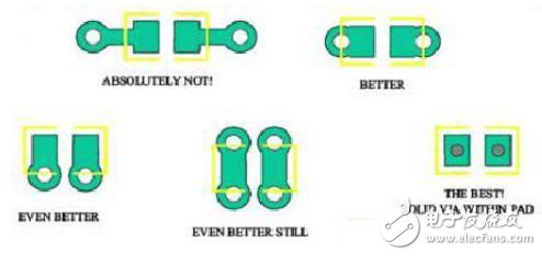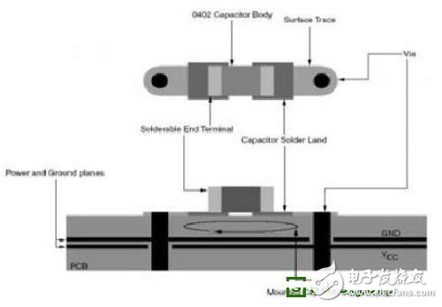 電源線必須為交流地,最大程度減小交流地回路的寄生電感非常重要。元件布局或擺放方向可能會引起寄生電感,例如去耦電容的地方向。旁路電容有兩種擺放方法,分別如圖所示:這種配置下,將頂層上的VCC焊盤連接至內(nèi)層
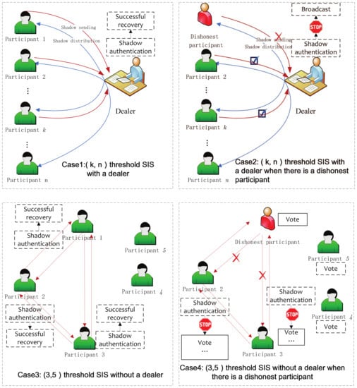 For example, see Case 4 in Figure 2— for threshold SIS without a dealer when there is a dishonest participant. Suppose that Participant 2, Participant 3 and the dishonest participant send their shadows to each other at the same time. If every shadow gain two votes from other two participants, the shadows are authenticated successfully. Otherwise, we proceed with the authentication procedure with the help of Participant 4 and Participant 5.
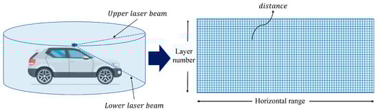 The selection of this vertical range is not arbitrary, but is due to both the technical characteristics of the device and its placement in the vehicle. From 5 degrees upwards, the laser beam hardly hits any obstacles. Similarly, from −9 degrees downwards, the laser directly hits the roof of the vehicle. Therefore, the portion of the image that really varies while driving is the one extracted from the specified interval.
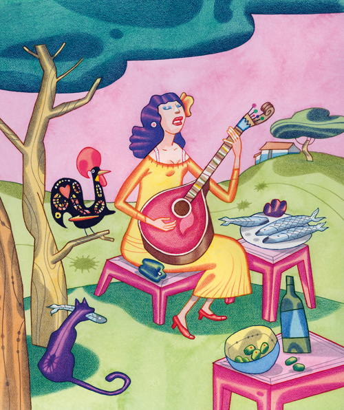 Ilustração para um evento cinematográfico cujo tema é Portugal. Portugal não é nada assim, mas a maior parte dos bretões não o sabem. Portanto, amigos portugueses, as minhas desculpas pelo cliché!

* Task objective
Your answer must be an exact copy of the listing, minus its pictures.

* Output below
 電源線必須為交流地,最大程度減小交流地回路的寄生電感非常重要。元件布局或擺放方向可能會引起寄生電感,例如去耦電容的地方向。旁路電容有兩種擺放方法,分別如圖所示:這種配置下,將頂層上的VCC焊盤連接至內(nèi)層
 For example, see Case 4 in Figure 2— for threshold SIS without a dealer when there is a dishonest participant. Suppose that Participant 2, Participant 3 and the dishonest participant send their shadows to each other at the same time. If every shadow gain two votes from other two participants, the shadows are authenticated successfully. Otherwise, we proceed with the authentication procedure with the help of Participant 4 and Participant 5.
 The selection of this vertical range is not arbitrary, but is due to both the technical characteristics of the device and its placement in the vehicle. From 5 degrees upwards, the laser beam hardly hits any obstacles. Similarly, from −9 degrees downwards, the laser directly hits the roof of the vehicle. Therefore, the portion of the image that really varies while driving is the one extracted from the specified interval.
 Ilustração para um evento cinematográfico cujo tema é Portugal. Portugal não é nada assim, mas a maior parte dos bretões não o sabem. Portanto, amigos portugueses, as minhas desculpas pelo cliché!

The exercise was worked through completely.